Południowa część obwodu zaporoskiego, w tym m.in. miasta Enerhodar, Melitopol i Berdiańsk, jest okupowana przez rosyjskie siły od przełomu lutego i marca 2022 roku, a zatem od początku inwazji Kremla na Ukrainę. W Enerhodarze znajduje się Zaporoska Elektrownia Atomowa, największa siłownia jądrowa w Europie.
16:24 MSZ o słowach premiera Węgier: swoją wypowiedzią Orban zwalnia Rosję z odpowiedzialności za inwazję
Swoimi słowami o tym, że „nie jest ważne, kto na kogo najechał”, premier Węgier zdejmuje odpowiedzialność z Rosji – oświadczył we wtorek rzecznik MSZ Ukrainy Ołeh Nikołenko. Zapewnił, że Ukraina będzie walczyć do pełnego wyzwolenia, wbrew słowom premiera Węgier, iż „nie może wygrać wojny” z Rosją.
– Premier Węgier Viktor Orban, komentując agresję Rosji przeciwko Ukrainie, powiedział, że nie jest ważne, kto na kogo najechał. Jest przekonany, że Ukraina nie zdoła wygrać wojny – napisał Nikołenko na Facebooku, powołując się na wypowiedź Orbana w wywiadzie dla agencji Bloomberg.
– Na Kremlu powinni się cieszyć – szef węgierskiego rządu zdjął z Rosji odpowiedzialność za agresję na Ukrainę – oświadczył rzecznik ukraińskiego MSZ.
– Ci sami politycy europejscy twierdzili w ubiegłym roku, że Ukraina nie ma szans przetrwać dłużej niż 72 godziny. Pomylili się wówczas i mylą się teraz – dodał. Podkreślił, że wbrew stronnikom kapitulacji bez oporu, Ukraińcy „będą kontynuować walkę do pełnego wyzwolenia swoich terytoriów spod okupacji rosyjskiej”.
– To jest jedyna droga do odbudowania pokoju na Ukrainie, ale także do zagwarantowania bezpieczeństwa całej Europy – napisał Nikołenko.

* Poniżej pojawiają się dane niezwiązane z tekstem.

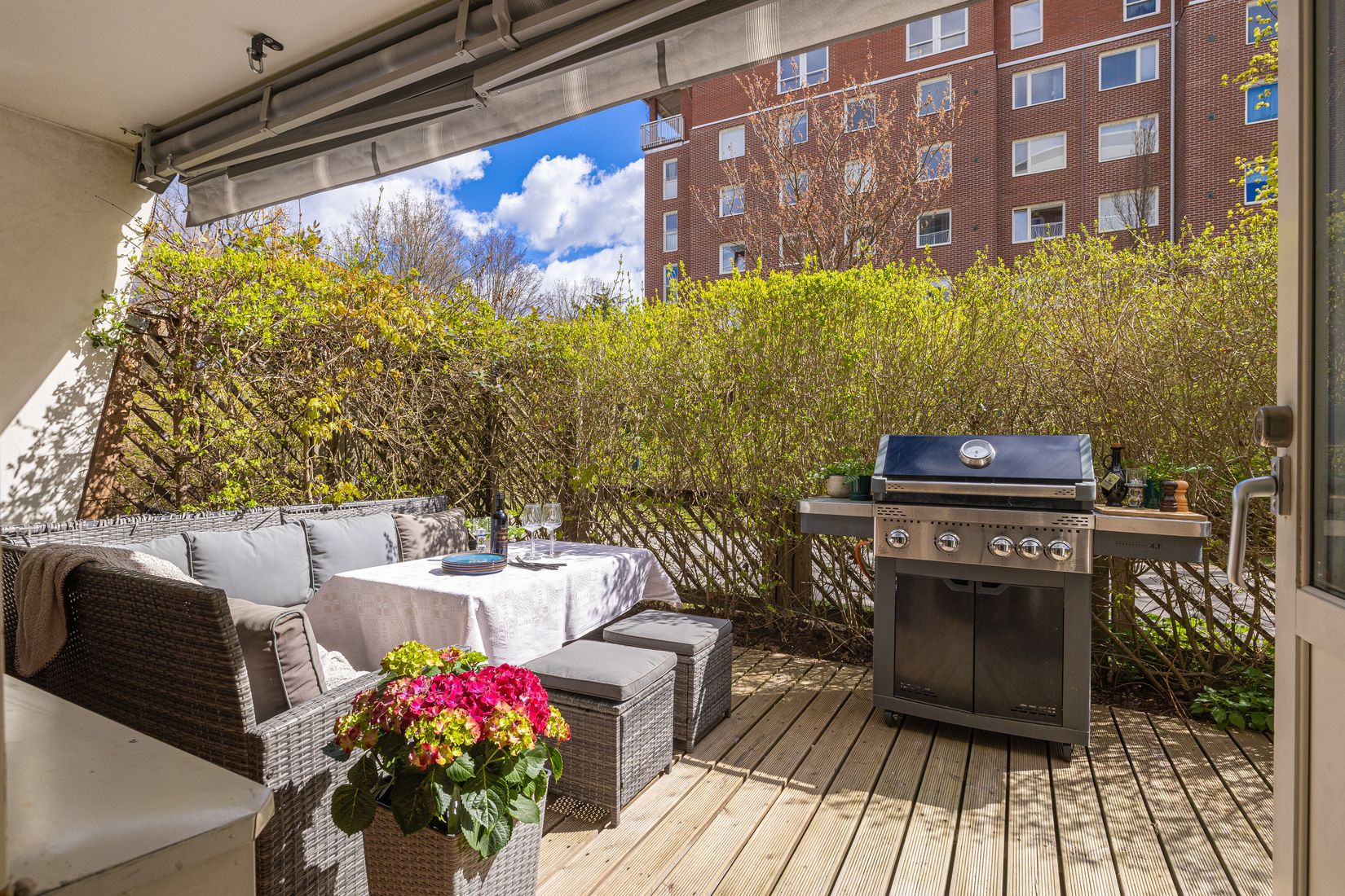 Välkommen till en välplanerad och stilfull bostad med egen uteplats och ett svårslaget läge nära tunnelbanan. Redan i hallen märks den genomgående röda tråden med ljusa, harmoniska ytor och smart förvaring. Det stambytta badrummet håller hög standard med moderna materialval och en rymlig duschhörna. Köket är trivsamt och funktionellt med goda arbetsytor och plats för ett mindre matbord, medan vardagsrummet erbjuder generösa, luftiga ytor som rymmer större möblemang och bjuder in till både umgänge och avkoppling.

13:33 Wiceminister: zajścia w obwodzie biełgorodzkim to przewidywalny kryzys wewnętrzny w Rosji
Wydarzenia w obwodzie biełgorodzkim w Rosji to przewidywalny kryzys wewnętrzny, który narastał jeszcze przed inwazją rosyjską na Ukrainę – oświadczyła we wtorek wiceminister obrony Ukrainy Hanna Malar. Oceniła, że motywem jest również chęć zakończenia wojny.
– Sytuacja w obwodzie biełgorodzkim to przewidywalny kryzys wewnętrzny w Rosji, który narastał jeszcze przed rozpoczęciem inwazji rosyjskiej na Ukrainę na pełną skalę. O ile rozumiemy, (sprawcy) to patrioci rosyjscy, ludzie, którzy faktycznie powstali przeciwko reżimowi (Władimira) Putina – napisała Malar na serwisie Telegram. Oceniła, że w Rosji „stopniowo narastało niezadowolenie”, a teraz „zgromadziła się masa krytyczna” i że „wszyscy zdają sobie sprawę, że reżim trzeba zmienić”.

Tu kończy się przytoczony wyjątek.